La sarcástica réplica del guardián de Cáncer obedecía a su propio estupor por el incremento en las capacidades de Morrigan: durante su encontronazo en la gruta de Rodorio le había parecido una contrincante fuerte, pero en absoluto invencible; sin embargo, ahora exhibía dones dignos de la diosa que afirmaba ser.

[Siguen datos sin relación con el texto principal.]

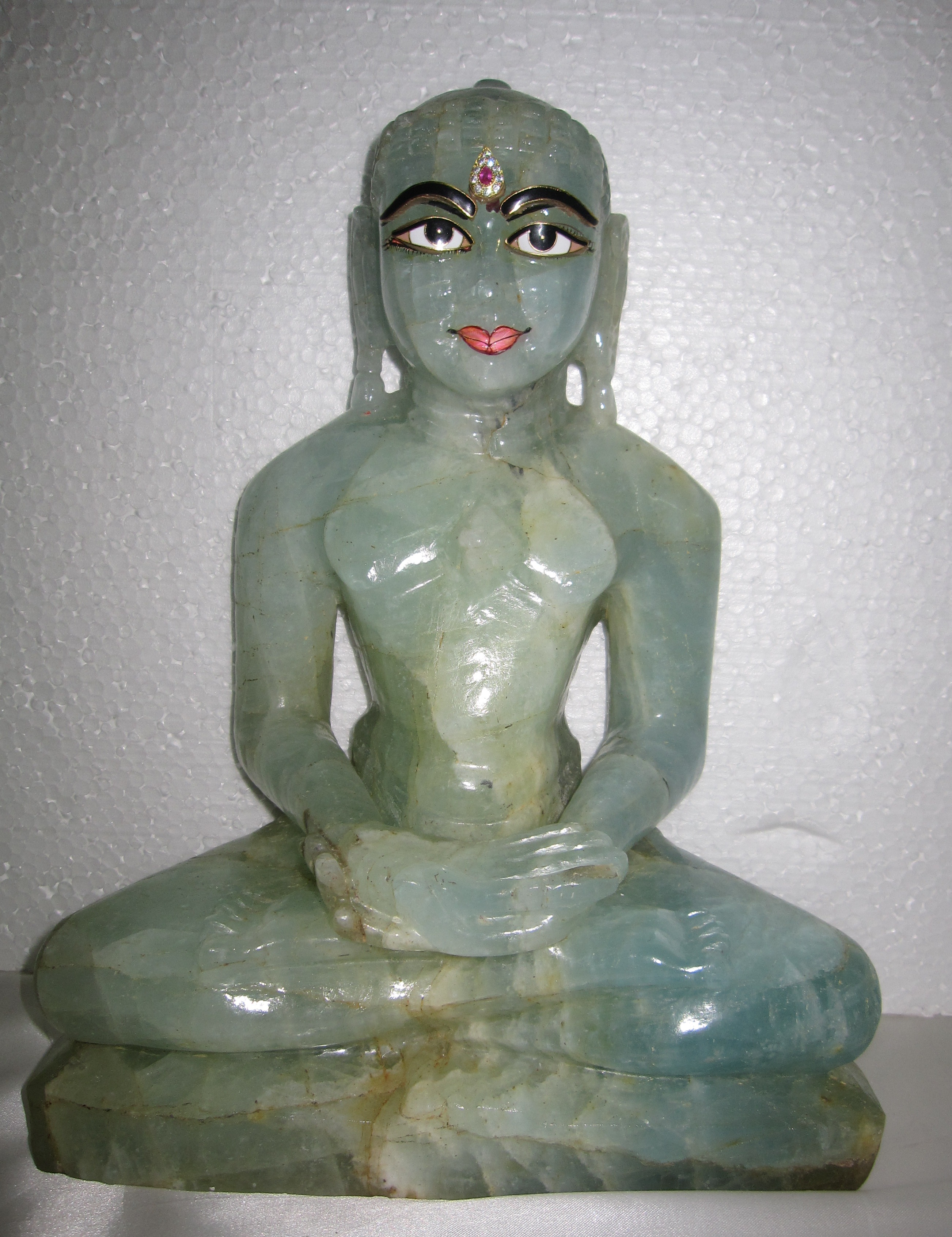 Hues of blue create a very classic effect in this pujyaniya Tirthankar idol. The deity is seated in prayer on a Sinhasan platform.

Sin embargo, no tardarían demasiado en ver un desenlace. El ceño apretado del griego y las abultadas venas en el dorso de sus manos demostraban su tensión; el rostro de ella, en cambio, era sereno y apacible y no se alteró un ápice ni siquiera cuando logró enviar el ataque de Saga de vuelta contra él. El caballero, que se mantenía alerta, trató de crear una barrera defensiva con su cosmos para paliar el daño, pero se vio golpeado con tanta violencia que la armadura quedó agujereada a la altura del pecho, revelando un sangriento rosetón que convertía el hecho de respirar en un esfuerzo desmesurado.
—¿Cómo has podido...? —inquirió, desconcertado al ver su técnica neutralizada con tal facilidad y llevándose la mano al corazón para intentar minimizar aquel dolor lacerante.
—¡Deja de menospreciarme, descreído! —le recriminó ella, soberbia, escrutándole desde arriba con una mano en la cadera— Estás ante la única diosa de la guerra. El sacrificio de mi portadora ha reparado mi alma y es Samhain, el momento que esperaba. Sin duda, has notado que tu explosión no tenía la fuerza que habrías querido imprimirle; eso se debe a que estás en mi dimensión, en la cual las leyes físicas escapan al entendimiento humano. Pero no importa dónde nos hallemos, pues esta noche extiendo el síd a mi paso, el mundo entero es mi reino. Vuestro poder se ve disminuido ante mí.
—No puede ser... Mi ataque es letal...
—Quizá en circunstancias normales, pero aquí rigen mis normas. Ahora que estás débil, permite que te deje donde no puedas molestar.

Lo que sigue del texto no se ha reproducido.